Today’s question is:
- How should Minnetonka Public Schools respond to demographic changes like aging in place? (Aging in place is a trend in which parents stay in their homes after their children leave instead of selling homes to families with children. This can decrease enrollment.)
I believe that Minnetonka Public Schools value all of the members of our community. There are opportunities for community members and property owners to serve in our schools as volunteers in our schools as well as opportunities for learning through our community education programs. Our job is to create the best education possible for our students whether E-12 learners or adult learners. We welcome and value all to our learning community.
As aging homeowners find it preferable to stay in their homes rather than downsize, and the economy is still recovering, houses aren’t turning over quickly and many new families aren’t moving in. Costs of running a larger home coupled with deteriorating health can weigh on our community’s aging population. When the time comes to sell, our older citizens rely on the Minnetonka School Districts’ reputation of a “World Class Education” as it leads to increased property value.
Our excellent educational offerings also attract students from other districts. As their districts must shrink services to make ends meet, we have managed our finances so as to be able to offer excellent core curriculum as well as specialty educational programs like Language Immersion, Navigators and the Vantage Program. This has enabled us to weather a declining resident enrollment.
The programming excellence in Minnetonka Schools has always been a draw for families to our district and in my conversations with leading realtors, they see that trend continuing and up trending with more families seeking Minnetonka. This has resulted in our empty nester percent of homes remaining fairly consistent over time. Open enrollment provides student and funding stability for our district while our homes turn over to younger families.
The real benefit to our school district of the empty nester population is the generosity of time and expertise that this group gives to our schools. I fully appreciate the significant contributions and the value that those many volunteers bring to our district.
A high-performing educational system is the foundation of a healthy, vibrant community. Our nationally ranked district is the outcome of a strong vision, innovation, sound investments and community support.
The community’s support of the Minnetonka Public Schools has been impressive especially considering the majority of residents do not have a child currently attending one of our schools. Learning is a lifelong journey and the majority of our residents have access to a wide variety of community education programming through the Minnetonka Public School District.
Investing in the Minnetonka Public Schools has produced a solid return for local residents. The resulting high educational performance has created increased demand for homes in our community.
Minnetonka School District is a district of choice for resident and non-resident families.
The breadth of programs (e.g., IB, Navigators, Immersion, etc.), the personal attention and the small class sizes benefits families within our boundaries who might otherwise have attended private schools. It also attracts students outside our geographic line which brings additional funds to improve the programs offered to all Minnetonka residents.
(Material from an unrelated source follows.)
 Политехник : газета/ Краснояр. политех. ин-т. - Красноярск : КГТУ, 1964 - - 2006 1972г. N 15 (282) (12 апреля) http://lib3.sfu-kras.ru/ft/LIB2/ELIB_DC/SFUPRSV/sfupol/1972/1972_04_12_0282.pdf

Minnetonka Community Education provides a great example of how the district has been able to grow enrollment even with aging in place. Community education is funded based on the number of resident students 0-4. The aging in place trend experienced in the Minnetonka district boundaries results in a declining 0-4 population. With the high performing programing resulting in NAEYC (National Association for the Education of Young Children) accreditation, the district’s early childhood education programs have grown to better serve our residents as well as attract new families to the district.
This approach not only creates a pipeline of buyers for properties if/when age in place residents decide to move, it also provides funding for additional community education programs that are offered to all residents.
We greatly appreciate the contributions to our district by our experienced residents. Not only for what they’ve done in the past, but also for what they continue to do in terms of volunteering and supporting our children in their civic and fundraising efforts. Thank you!